## Dataset section
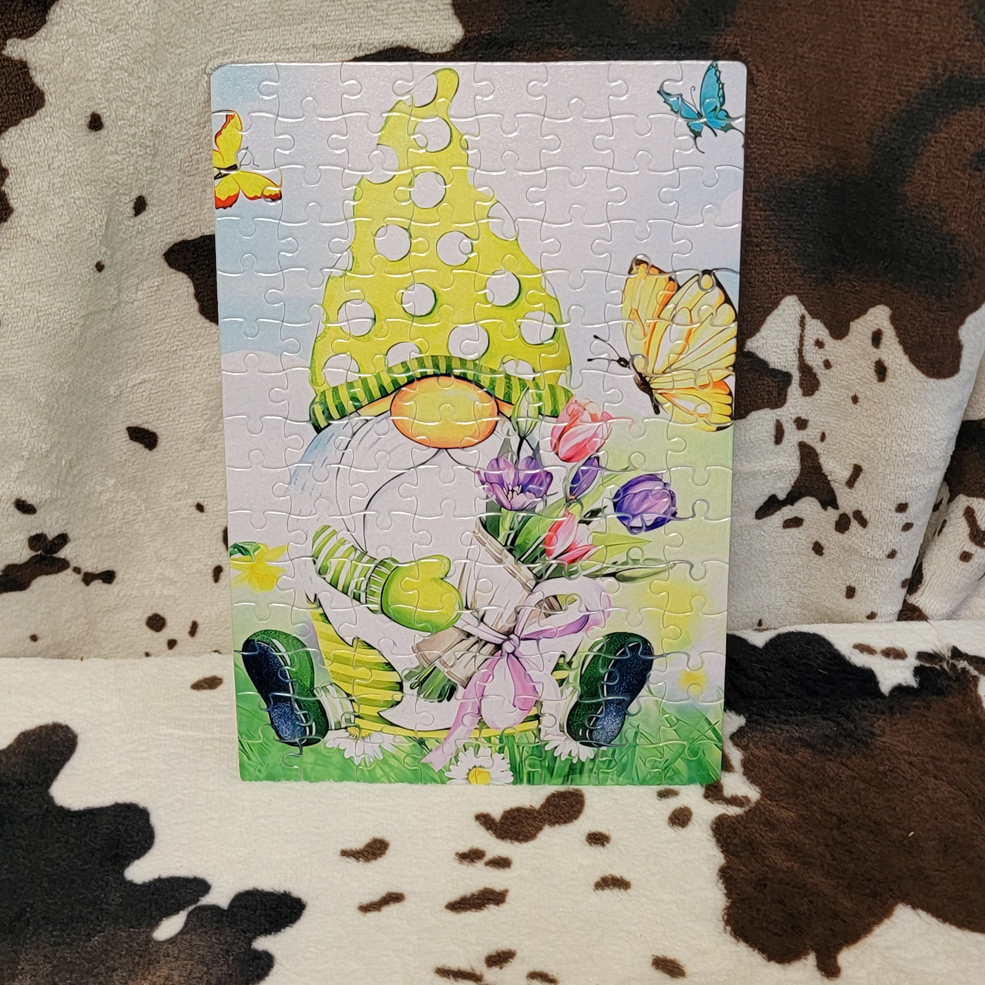 Solve a beautiful Spring Gnome puzzle with 120 individually handmade pieces. The perfect home decor piece, this jigsaw is sublimation printed with vibrant colors that you can enjoy in your free time. Challenge yourself and relax!
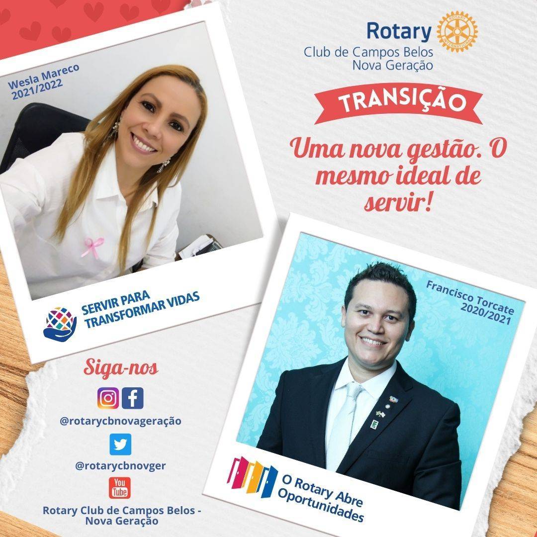 Nesta quarta, 30, encerrou-se o ano rotário 2020-21 cujo presidente foi o associado Francisco Torcate. Com a presença expressiva dos associados, o Rotary Club de Campos Belos - Nova Geração realizou ontem sua ASSEMBLEIA ONLINE para encerramento da gestão. Na oportunidade os relatórios do ano 2020/2021 foram aprovados por unanimidade, além de deliberações importantes para a administração do clube.
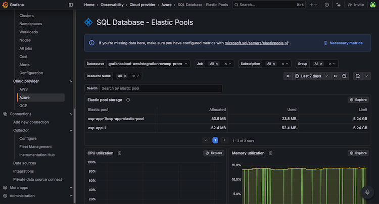Grafana Cloud Provider Observability provides serverless monitoring for your Azure infrastructure without requiring additional setup or maintenance overhead. The Cloud Provider Observability Azure solution collects metrics from Azure Monitor and presents them through pre-built dashboards optimized for Azure services.
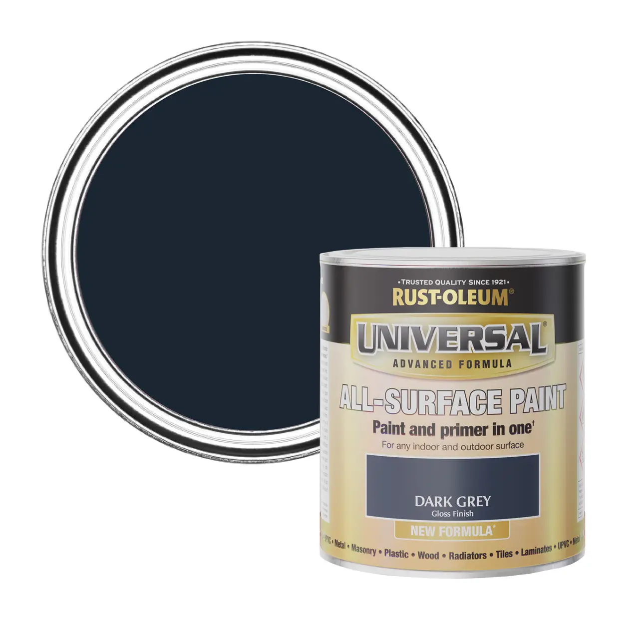 RUST-OLEUM UNIVERSAL ALL-SURFACE PAINT GLOSS DARK GREY 750ML

## Exercise details
Your output must consist only of the lines from the line with "Nesta quarta, 30, encerrou-se" through the final line of the data, both included, reproduced exactly and free of pictures.

## Response
 Nesta quarta, 30, encerrou-se o ano rotário 2020-21 cujo presidente foi o associado Francisco Torcate. Com a presença expressiva dos associados, o Rotary Club de Campos Belos - Nova Geração realizou ontem sua ASSEMBLEIA ONLINE para encerramento da gestão. Na oportunidade os relatórios do ano 2020/2021 foram aprovados por unanimidade, além de deliberações importantes para a administração do clube.
Grafana Cloud Provider Observability provides serverless monitoring for your Azure infrastructure without requiring additional setup or maintenance overhead. The Cloud Provider Observability Azure solution collects metrics from Azure Monitor and presents them through pre-built dashboards optimized for Azure services.
 RUST-OLEUM UNIVERSAL ALL-SURFACE PAINT GLOSS DARK GREY 750ML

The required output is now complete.